Add eggs and fish or soy sauce to the cooled beef mixture and stir to combine.
In an 8-inch non-stick skillet, heat one teaspoon of the oil over medium-low heat. With a ladle, scoop some of the mixture (about ¼) into the hot oil. Let omelet set for 3 minutes, then sprinkle with some of the green onions. Flip omelet and cook 2 minutes longer. Transfer to a plate. Repeat with remaining oil, egg-beef mixture, and green onions until the mixture is gone.
Serve omelet individually, or stack on top of each other and cut into 4 layered slices. Serve with ketchup or sriracha chili sauce.
To flip this Asian-style omelet with ground beef more efficiently, try upturning the skillet to flip it onto a plate and then transfer it back into the skillet with a spatula. It helps with flipping large, fragile things like this! you could also add a small, fritter-size amount of the batter to the pan for ease of turning over.
Ensure that the beef is fully cooked before removing it from the skillet.

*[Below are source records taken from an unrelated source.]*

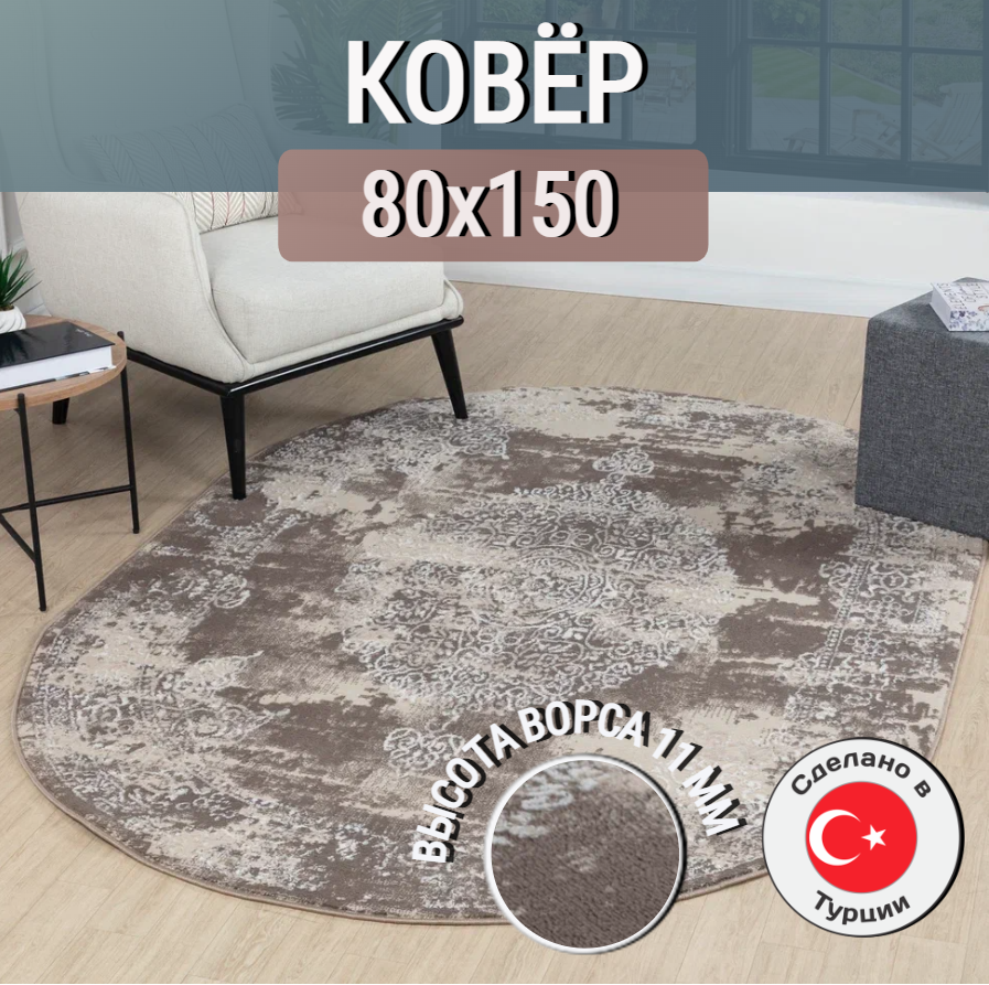 Ковер на пол овальный 80 на 150, серый, современный, Турция, The Sofia Rugs, 4435B
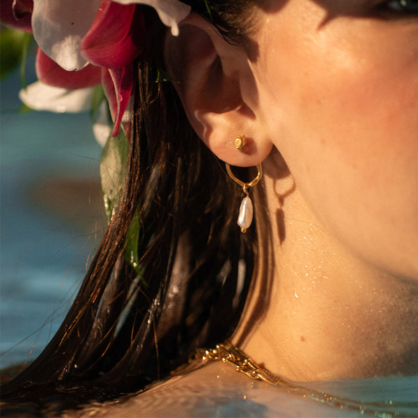 FE1670 925 Sterling Silver CZ Freshwater Pearl Hoop Earring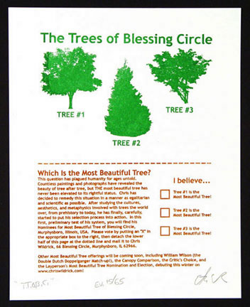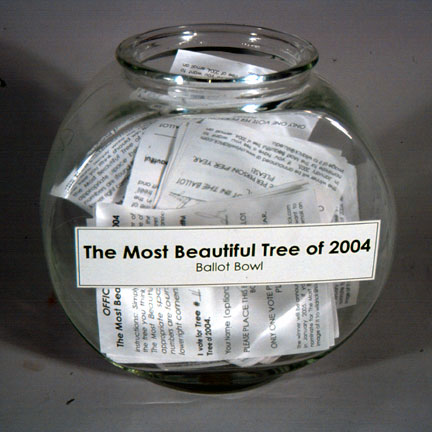 I ran a contest to determine the most beautiful tree each year for several years. I would nominate a number of trees, and anyone could vote for the winner. Many remarked on what they thought was the strange coincidence that almost all of the nominees came from near where I lived or traveled that year, and thought the most beautiful trees in the world might come from a wider geographic range. All I can say is, I had no power over the selection of the nominees, they nominated themselves.
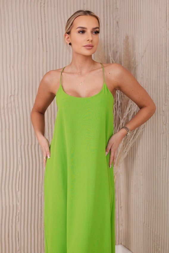 Sukienka długa na ramiączka jasno zielona
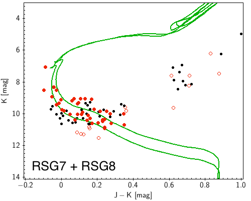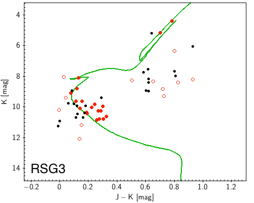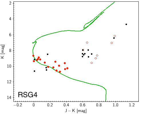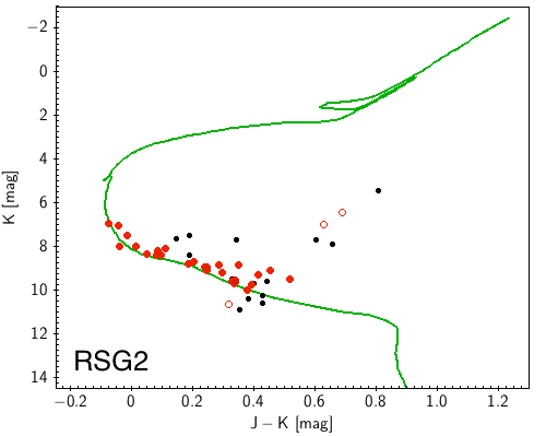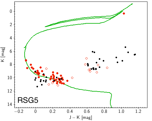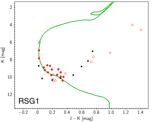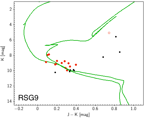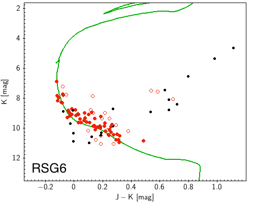 Observed and predicted (by the Besançon model) (J − KS,KS) CMDs in the areas of the clusters from Table 1. Red symbols refer to observations, where thick dots indicate probable members and circles indicate field stars. The black dots are predicted field stars from the Besançon model of the Galaxy.

Make this breakfast torta vegetarian by omitting the ground beef and adding in more veggies. Alternatively, you can use plant-based 'meat' crumbles.
If you've never cooked with fish sauce, warning: when you mix it with eggs, it smells like the eggs are rotten! But once you bake it, the smell disappears like magic! If you really can’t stand the smell, it’s best to use soy sauce instead of fish sauce.
Please keep in mind that nutritional information is a rough estimate and can vary significantly based on the products used and serving size.